Training Support Vector Machines using Coresets
This work addresses the problem of scalable SVM training for machine learning practitioners by providing an incremental improvement in coreset efficiency.
The paper tackles the computational inefficiency of training Support Vector Machines (SVMs) by introducing a coreset construction algorithm that uses importance sampling to create a weighted subset of data points, achieving computational speedups with low approximation error compared to state-of-the-art methods.

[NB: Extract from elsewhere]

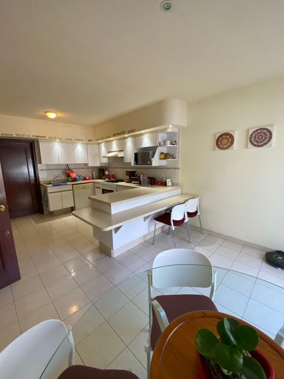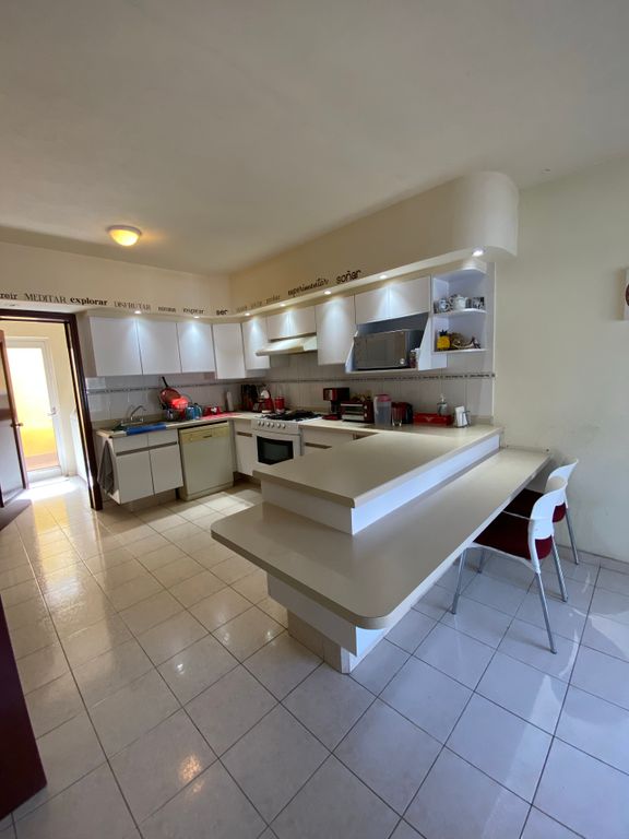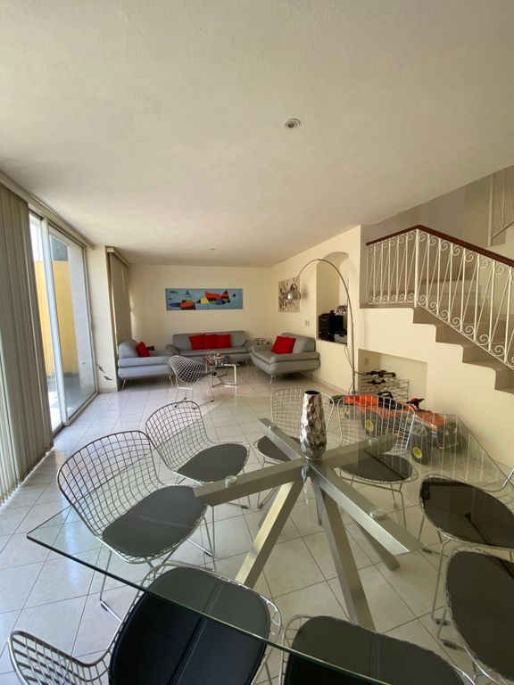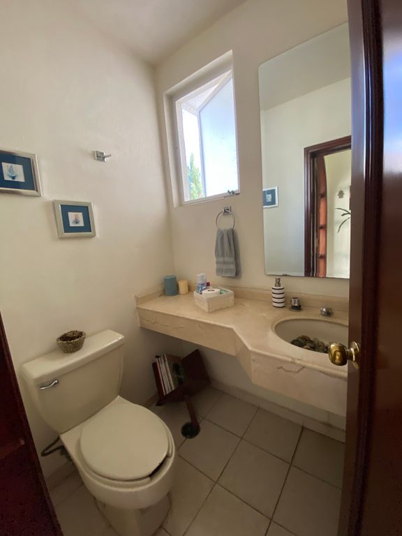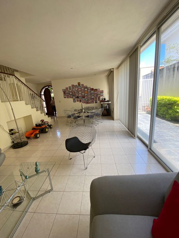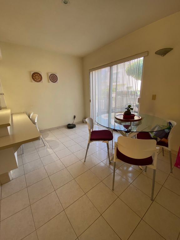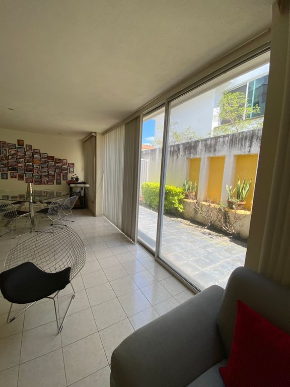 Cochera para 2 autos, medio baño, amplio espacio de sala comedor que se abre a un patio con jardineras, cocina equipada y desayunador. Área de lavado, cuarto de servicio con baño completo y patio de servicio.

We present a novel coreset construction algorithm for solving classification tasks using Support Vector Machines (SVMs) in a computationally efficient manner. A coreset is a weighted subset of the original data points that provably approximates the original set. We show that coresets of size polylogarithmic in $n$ and polynomial in $d$ exist for a set of $n$ input points with $d$ features and present an $(ε,δ)$-FPRAS for constructing coresets for scalable SVM training. Our method leverages the insight that data points are often redundant and uses an importance sampling scheme based on the sensitivity of each data point to construct coresets efficiently. We evaluate the performance of our algorithm in accelerating SVM training against real-world data sets and compare our algorithm to state-of-the-art coreset approaches. Our empirical results show that our approach outperforms a state-of-the-art coreset approach and uniform sampling in enabling computational speedups while achieving low approximation error.